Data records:
=== Begin Enclosure ===
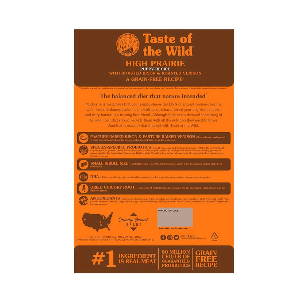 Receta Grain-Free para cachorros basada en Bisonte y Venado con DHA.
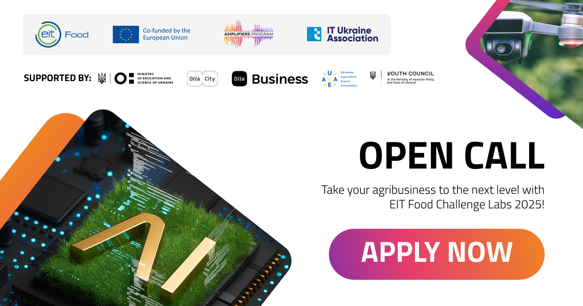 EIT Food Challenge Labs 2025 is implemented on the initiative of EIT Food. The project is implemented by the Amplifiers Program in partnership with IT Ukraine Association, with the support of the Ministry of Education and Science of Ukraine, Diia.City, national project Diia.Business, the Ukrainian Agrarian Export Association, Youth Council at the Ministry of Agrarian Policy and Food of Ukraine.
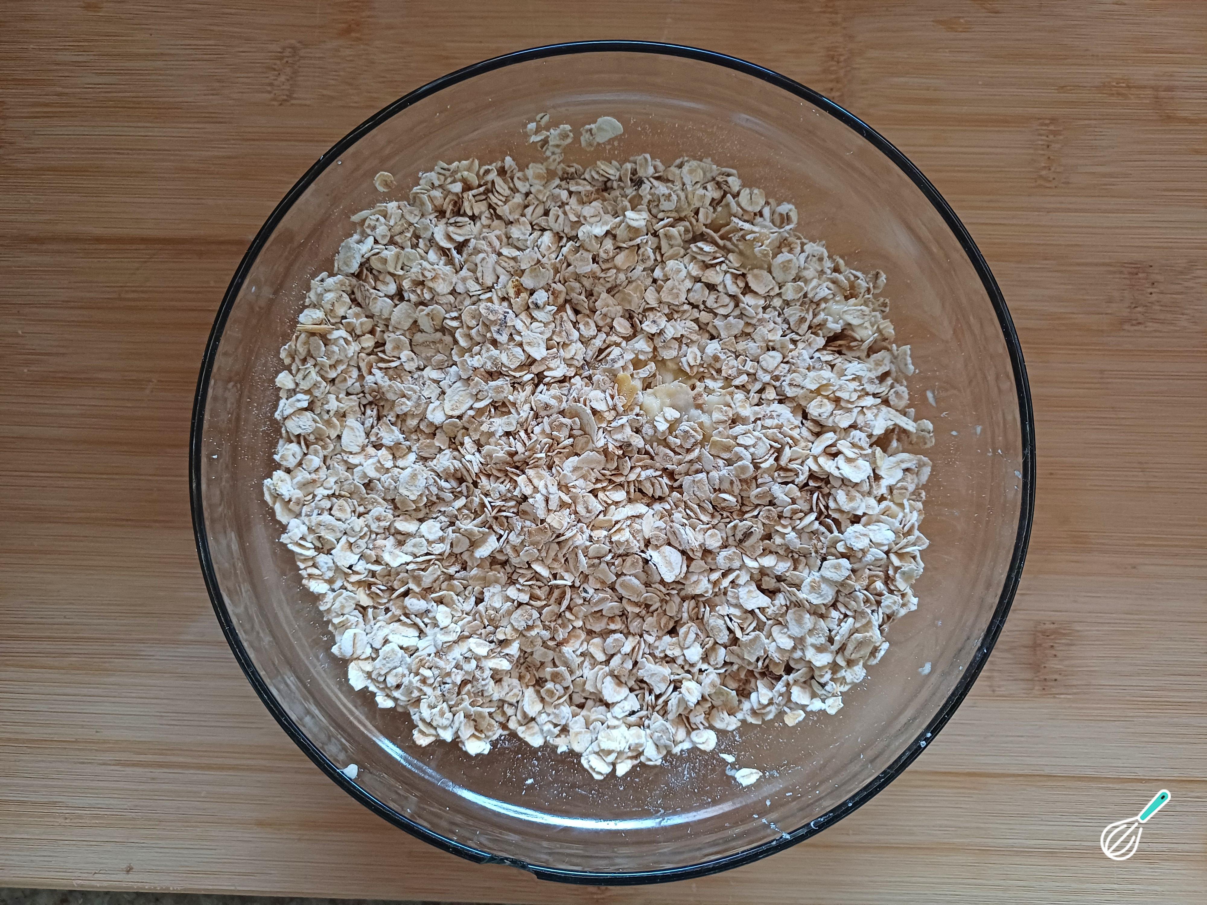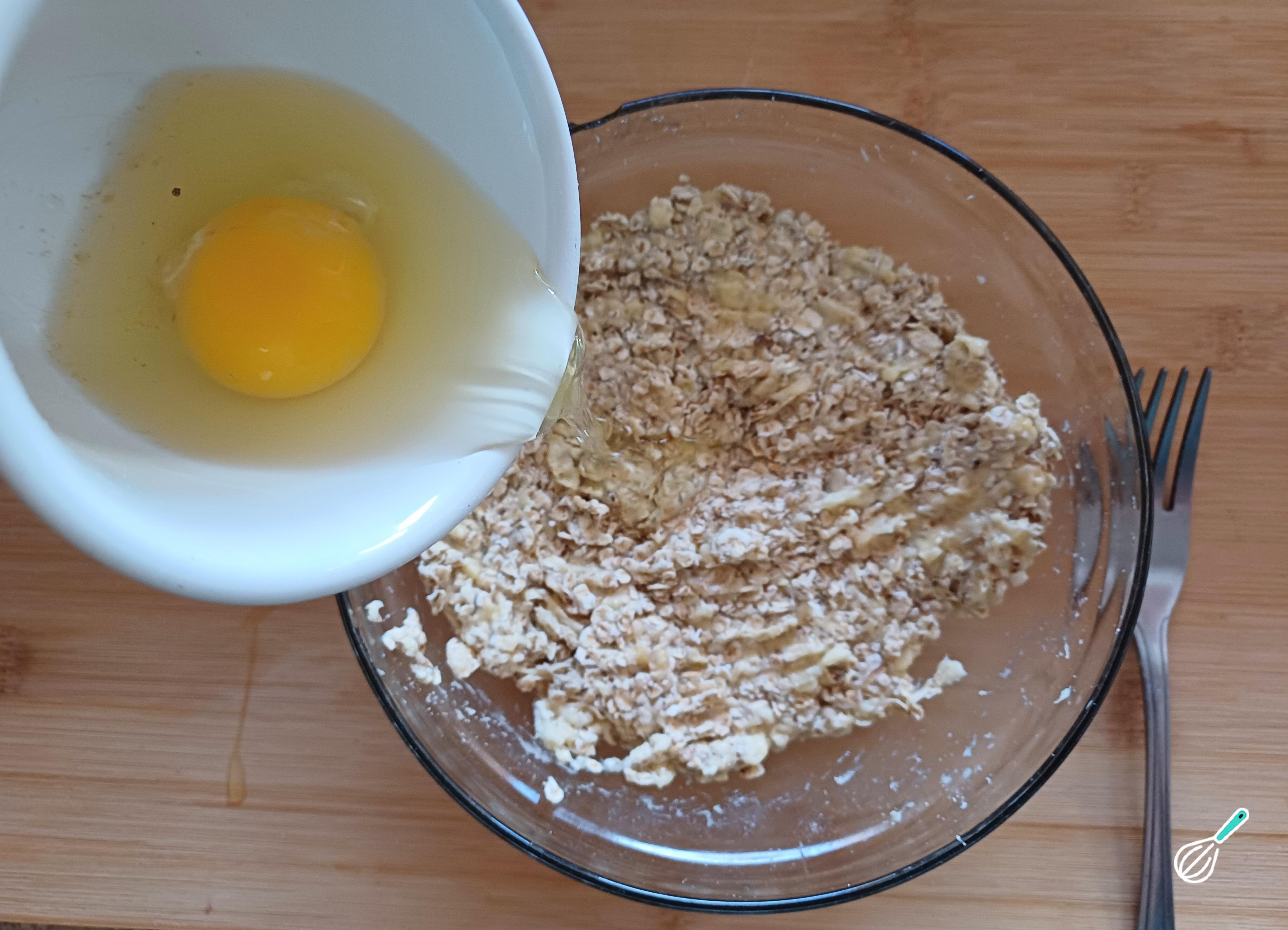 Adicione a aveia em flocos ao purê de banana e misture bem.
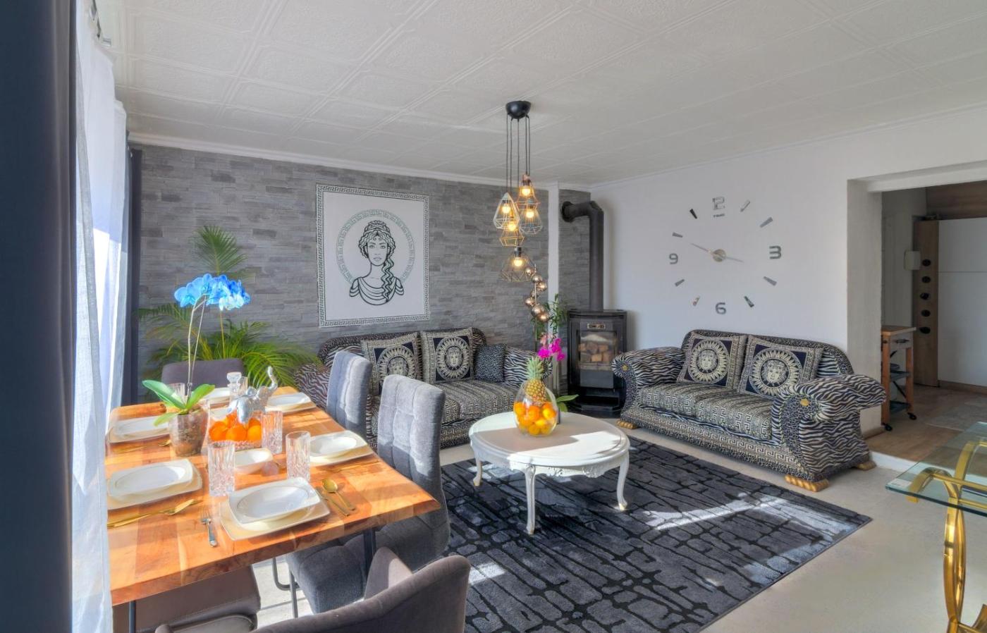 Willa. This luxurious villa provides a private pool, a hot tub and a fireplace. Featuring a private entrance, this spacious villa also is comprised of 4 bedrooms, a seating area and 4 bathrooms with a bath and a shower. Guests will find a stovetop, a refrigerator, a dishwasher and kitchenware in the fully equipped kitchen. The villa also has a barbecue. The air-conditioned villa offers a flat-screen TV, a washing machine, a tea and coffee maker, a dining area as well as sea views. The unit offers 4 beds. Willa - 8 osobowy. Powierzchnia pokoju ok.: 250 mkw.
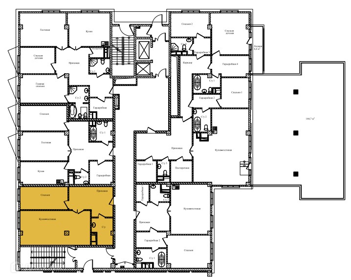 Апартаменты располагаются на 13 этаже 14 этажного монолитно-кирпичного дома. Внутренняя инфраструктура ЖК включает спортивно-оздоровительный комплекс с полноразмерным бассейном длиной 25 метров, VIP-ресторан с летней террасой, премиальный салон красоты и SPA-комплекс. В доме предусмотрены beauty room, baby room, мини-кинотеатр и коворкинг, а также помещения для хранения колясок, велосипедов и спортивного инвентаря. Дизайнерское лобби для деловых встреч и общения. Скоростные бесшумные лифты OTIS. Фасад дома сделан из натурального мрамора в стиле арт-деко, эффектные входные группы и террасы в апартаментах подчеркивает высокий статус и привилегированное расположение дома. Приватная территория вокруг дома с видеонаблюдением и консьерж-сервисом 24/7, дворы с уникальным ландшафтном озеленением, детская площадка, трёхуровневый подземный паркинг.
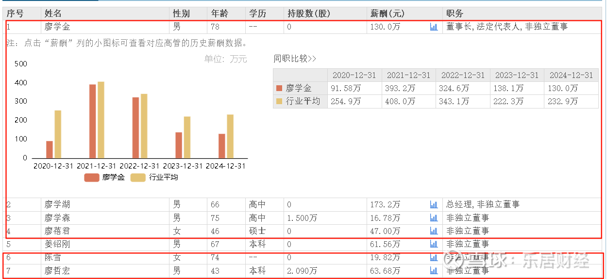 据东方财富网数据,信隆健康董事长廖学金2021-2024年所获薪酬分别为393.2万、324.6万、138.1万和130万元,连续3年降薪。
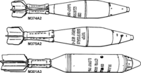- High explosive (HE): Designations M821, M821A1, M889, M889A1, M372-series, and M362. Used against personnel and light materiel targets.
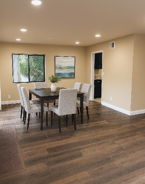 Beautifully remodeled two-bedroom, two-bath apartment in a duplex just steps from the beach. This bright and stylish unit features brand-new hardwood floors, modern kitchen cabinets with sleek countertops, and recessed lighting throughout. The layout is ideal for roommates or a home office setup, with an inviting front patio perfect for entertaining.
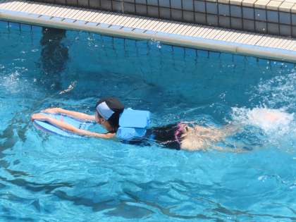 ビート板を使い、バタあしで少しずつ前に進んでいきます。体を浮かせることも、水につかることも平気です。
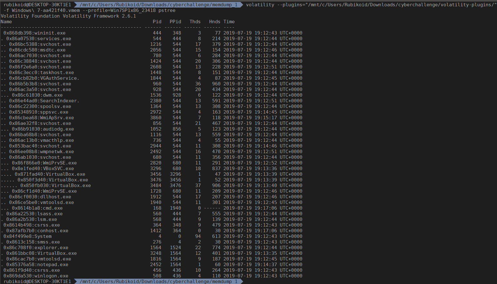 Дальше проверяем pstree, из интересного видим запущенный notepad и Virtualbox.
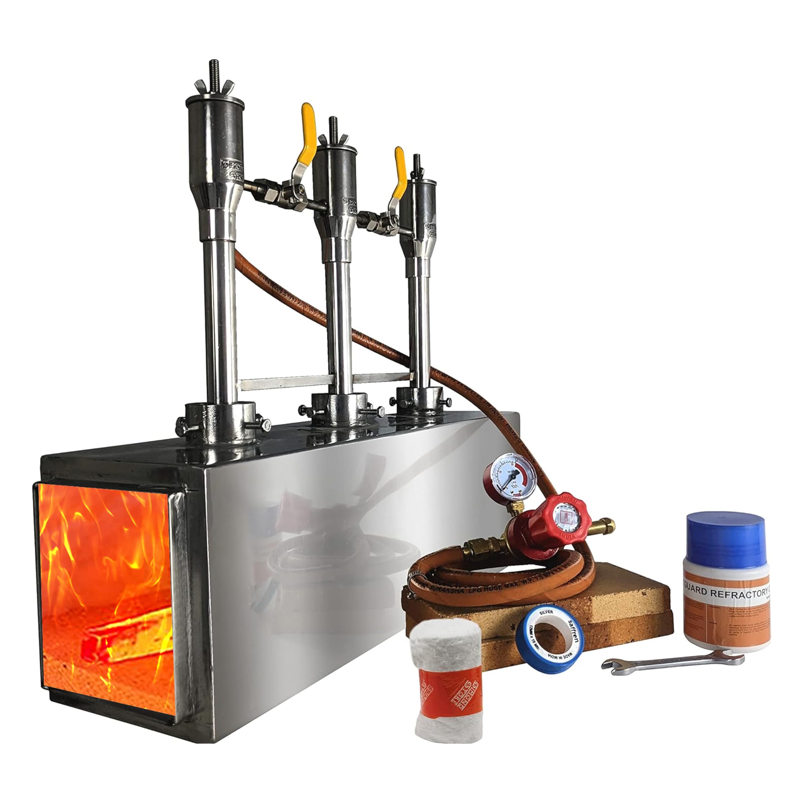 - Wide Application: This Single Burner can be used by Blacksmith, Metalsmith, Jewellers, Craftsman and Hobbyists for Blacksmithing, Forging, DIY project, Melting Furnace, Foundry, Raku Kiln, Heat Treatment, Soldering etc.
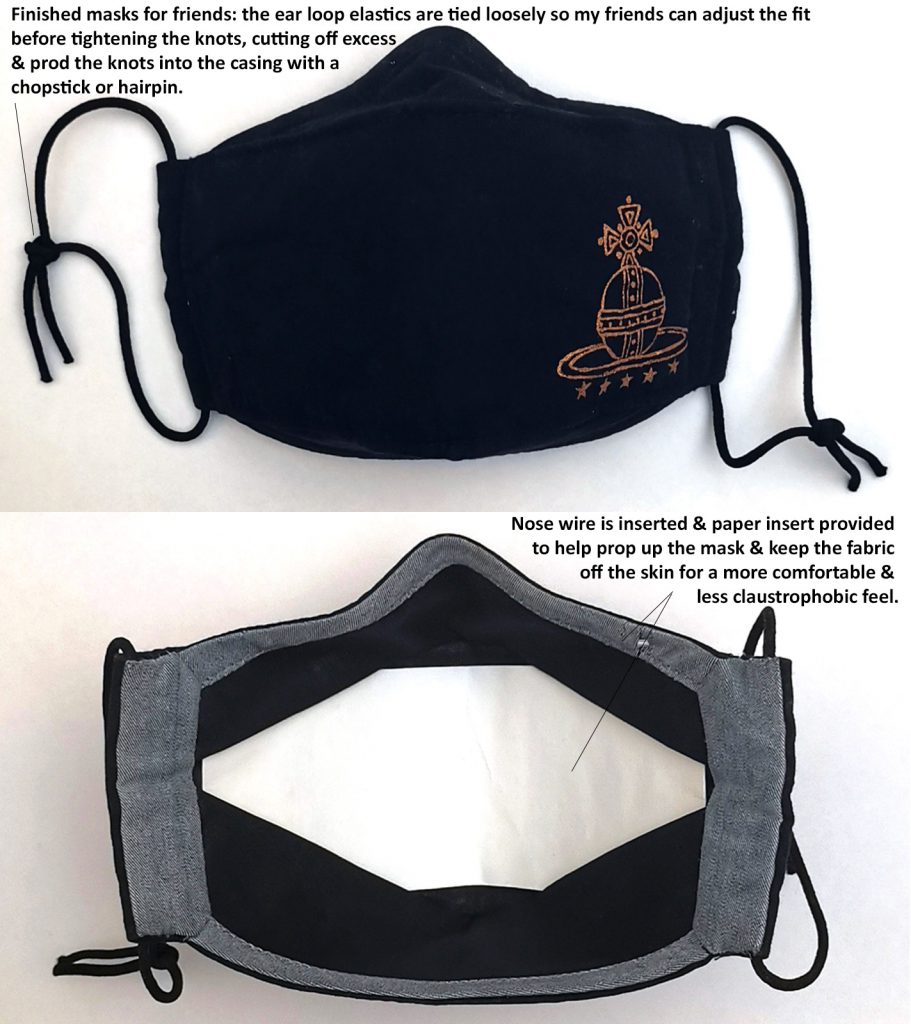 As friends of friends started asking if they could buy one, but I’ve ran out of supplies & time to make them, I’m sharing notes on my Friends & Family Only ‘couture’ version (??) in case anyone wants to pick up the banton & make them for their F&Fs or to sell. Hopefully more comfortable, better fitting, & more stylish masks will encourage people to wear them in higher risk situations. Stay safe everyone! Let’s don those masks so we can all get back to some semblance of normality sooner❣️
=== End Enclosure ===
* **Work to be completed**:
Should a picture appear among the entries, skip it and copy the rest exactly.

* **Your solution**:
 Receta Grain-Free para cachorros basada en Bisonte y Venado con DHA.
 EIT Food Challenge Labs 2025 is implemented on the initiative of EIT Food. The project is implemented by the Amplifiers Program in partnership with IT Ukraine Association, with the support of the Ministry of Education and Science of Ukraine, Diia.City, national project Diia.Business, the Ukrainian Agrarian Export Association, Youth Council at the Ministry of Agrarian Policy and Food of Ukraine.
 Adicione a aveia em flocos ao purê de banana e misture bem.
 Willa. This luxurious villa provides a private pool, a hot tub and a fireplace. Featuring a private entrance, this spacious villa also is comprised of 4 bedrooms, a seating area and 4 bathrooms with a bath and a shower. Guests will find a stovetop, a refrigerator, a dishwasher and kitchenware in the fully equipped kitchen. The villa also has a barbecue. The air-conditioned villa offers a flat-screen TV, a washing machine, a tea and coffee maker, a dining area as well as sea views. The unit offers 4 beds. Willa - 8 osobowy. Powierzchnia pokoju ok.: 250 mkw.
 Апартаменты располагаются на 13 этаже 14 этажного монолитно-кирпичного дома. Внутренняя инфраструктура ЖК включает спортивно-оздоровительный комплекс с полноразмерным бассейном длиной 25 метров, VIP-ресторан с летней террасой, премиальный салон красоты и SPA-комплекс. В доме предусмотрены beauty room, baby room, мини-кинотеатр и коворкинг, а также помещения для хранения колясок, велосипедов и спортивного инвентаря. Дизайнерское лобби для деловых встреч и общения. Скоростные бесшумные лифты OTIS. Фасад дома сделан из натурального мрамора в стиле арт-деко, эффектные входные группы и террасы в апартаментах подчеркивает высокий статус и привилегированное расположение дома. Приватная территория вокруг дома с видеонаблюдением и консьерж-сервисом 24/7, дворы с уникальным ландшафтном озеленением, детская площадка, трёхуровневый подземный паркинг.
 据东方财富网数据,信隆健康董事长廖学金2021-2024年所获薪酬分别为393.2万、324.6万、138.1万和130万元,连续3年降薪。
- High explosive (HE): Designations M821, M821A1, M889, M889A1, M372-series, and M362. Used against personnel and light materiel targets.
 Beautifully remodeled two-bedroom, two-bath apartment in a duplex just steps from the beach. This bright and stylish unit features brand-new hardwood floors, modern kitchen cabinets with sleek countertops, and recessed lighting throughout. The layout is ideal for roommates or a home office setup, with an inviting front patio perfect for entertaining.
 ビート板を使い、バタあしで少しずつ前に進んでいきます。体を浮かせることも、水につかることも平気です。
 Дальше проверяем pstree, из интересного видим запущенный notepad и Virtualbox.
 - Wide Application: This Single Burner can be used by Blacksmith, Metalsmith, Jewellers, Craftsman and Hobbyists for Blacksmithing, Forging, DIY project, Melting Furnace, Foundry, Raku Kiln, Heat Treatment, Soldering etc.
 As friends of friends started asking if they could buy one, but I’ve ran out of supplies & time to make them, I’m sharing notes on my Friends & Family Only ‘couture’ version (??) in case anyone wants to pick up the banton & make them for their F&Fs or to sell. Hopefully more comfortable, better fitting, & more stylish masks will encourage people to wear them in higher risk situations. Stay safe everyone! Let’s don those masks so we can all get back to some semblance of normality sooner❣️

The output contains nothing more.